Data

Contents

Data#

Sources#

The study relies on two primary data sources. The first is official Visitor Arrival (VA) data from official websites. Six Pacific Islands Countries have official data available for access: Fiji, Palau, Samoa, Solomon Islands, Tonga, and Vanuatu. All countries, except for Fiji, have more than 12 years of monthly visitor data with countries of origin documented, resulting in more than 120 observations for modeling.

The other is the Global Aviation Dashboard (GAD) data, which includes daily flight data from January 2019 to the current date (October 2022 for this study).

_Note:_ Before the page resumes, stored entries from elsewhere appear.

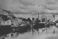 Auf einem alten Luftbild finden sich auf voller Länge des Lentzkais sieben Krane. Davon steht noch einer.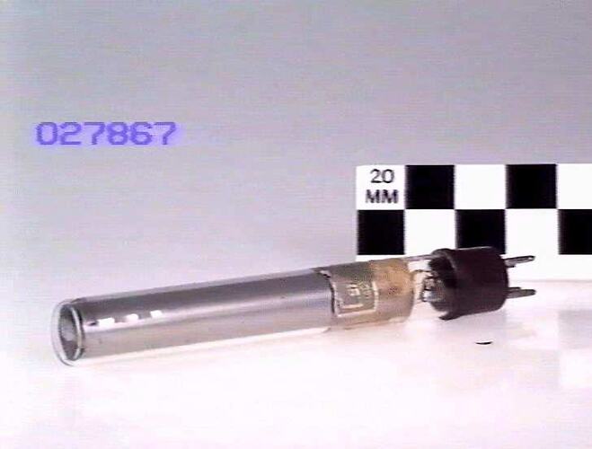 Geiger-Muller tube, a gas filled cold cathode diode. It is operated at a voltage just below the breakdown voltage so that any ionising particle will trigger breakdown, which is detected and extinguished by the attached electronic circuitry. Operates at 380 Volts.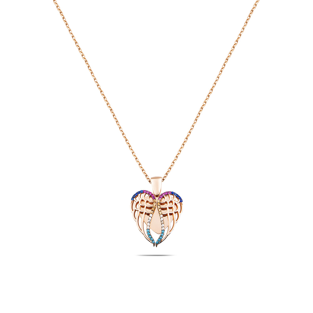 Çok Renkli Zirkon Taşlı Melek Kanadı Tasarım Kişiye Özel İsim Yazılı 925 Ayar Gümüş Kadın Kolye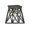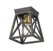 Indulge in an exercise of geometrics and stunning interior décor, adding this single-light flush mount ceiling light to a compact living space. Dramatic Matte Black delivers a bold finish to a cage-style metal shade that nestles a wide bulb mount with a rich Old Brass finish, creating a custom look for a transitional setting.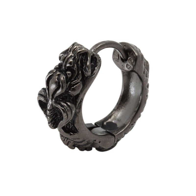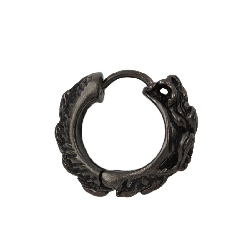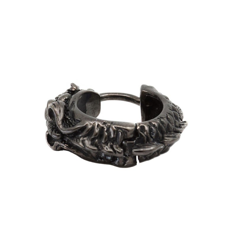 小振りのボディーにドラゴンのリアルな姿を表現した、キャッチのないフープ型ピアス。コントラストのあるブラック仕様は、使い込むことでその存在感を引き立たせてくれる。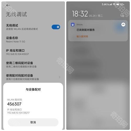 3、要记住WLAN配对码这串数字,下拉通知栏,显示已找到配对服务,下面输入WLAN配对码这串数字。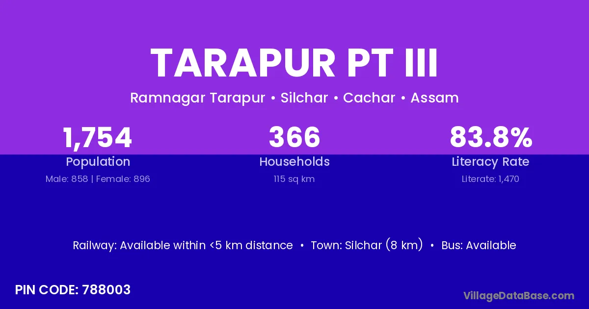 Silchar (8 km) is the nearest town to Tarapur Pt Iii village for major economic activities and is located approximately 8 km away.

Three relevant variables are available: number of flights, seat arrivals, and available seat kilometers. These variables reflect the flight’s ability and do not necessarily reflect the occupancy rates or onboard passengers. Since the number of visitors is closely related to economic output, we mainly focus on international seat arrivals (ISA).

Given the daily frequency of GAD data and the monthly frequency of official statistics, we align both datasets to the same frequency for further analysis. We transform the GAD data into monthly frequency by summing daily entries of the same month. The aligned data starts on 2019-01-01 and ends at different periods, depending on each country’s latest official data.

Besides the abovementioned data sources, the study incorporates the Google Trends data from the World Bank’s Development Data Partership. For each country, we conducted a keyword search, including the country name and suffix of “travel,” “hotel,” and “flight,” for example, “Palau travel.” [1]

Assessment#

As seen in next page, the orange line represents the GAD’s ISA, and the blue line represents the VA data. VA and ISA typically moved together, except for months following the announcement of Covid-19 as a global pandemic. Beyond the rough observation, a series of assessments are conducted, including correlation, stationarity, and Granger Causality analyses.

Pearson’s correlation coefficient is an often-employed approach to test the correlation between variables. However, the employment of Pearson’s correlation could be spurious because it ignores that time series data strongly depends on previous states. Cross-correlation is essential to measuring the similarity between two time series

Weak stationarity is fundamental to time series analysis. Time series data is no different from random walks without stationarity, making forecasting impossible. Simply put, weak stationarity is the principle that basic statistical properties do not change over time, including finite variation, constant mean, and autocovariance that only depends on lags. The Augmented Dickey-Fuller (ADF) test is the most commonly employed method to examine weak stationarity. The null hypothesis (\(H_0\)) is that the series is non-stationary and has a unit root. The alternative hypothesis (\(H_1\)) is that the series is stationary or has no unit root. Below is a summary table of the ADF tests.

When the p-value is smaller than 0.05, we can reject the null hypothesis of the ADF test and conclude that the time series is stationary. As shown in next page, Solomon and Samoa are stationary, and Palau and Fiji achieve stationarity after differencing the data once.

Once prove weak stationarity, the Granger causality test, which examines how useful one variable is for forecasting another variable, can help us understand whether variables from the Global Aviation Dashboard would help forecast the VA. The Granger Causality is formally expressed as:

\[ VA_t = \sum_{i=1}^{p} \alpha_{i} VA_{t-i} + \sum_{i=1}^{p} \beta_{i} ISA_{t-i} + u_{t} \]

The null hypothesis (\(H_0\)) of the Granger Causality is \(\beta_{i}=0 \text{ for } i= 1,...,p\), which assumes that introducing \(ISA_t\) would not help forecast \(VA_t\). The Granger Causality test is Vector Autoregression (VAR), which will be explained in detail in the modeling section. As shown in next page, except for the Solomon Islands, all other countries pass the Granger Causality test, suggesting including \(ISA\) would help predict \(VA\).

A general limitation of these tests is the small sample size of the available data. Despite the larger sample size of the official data, the number of observations shrinks to 44 after merging with the GAD data, severely affecting the statistical significance of the tests.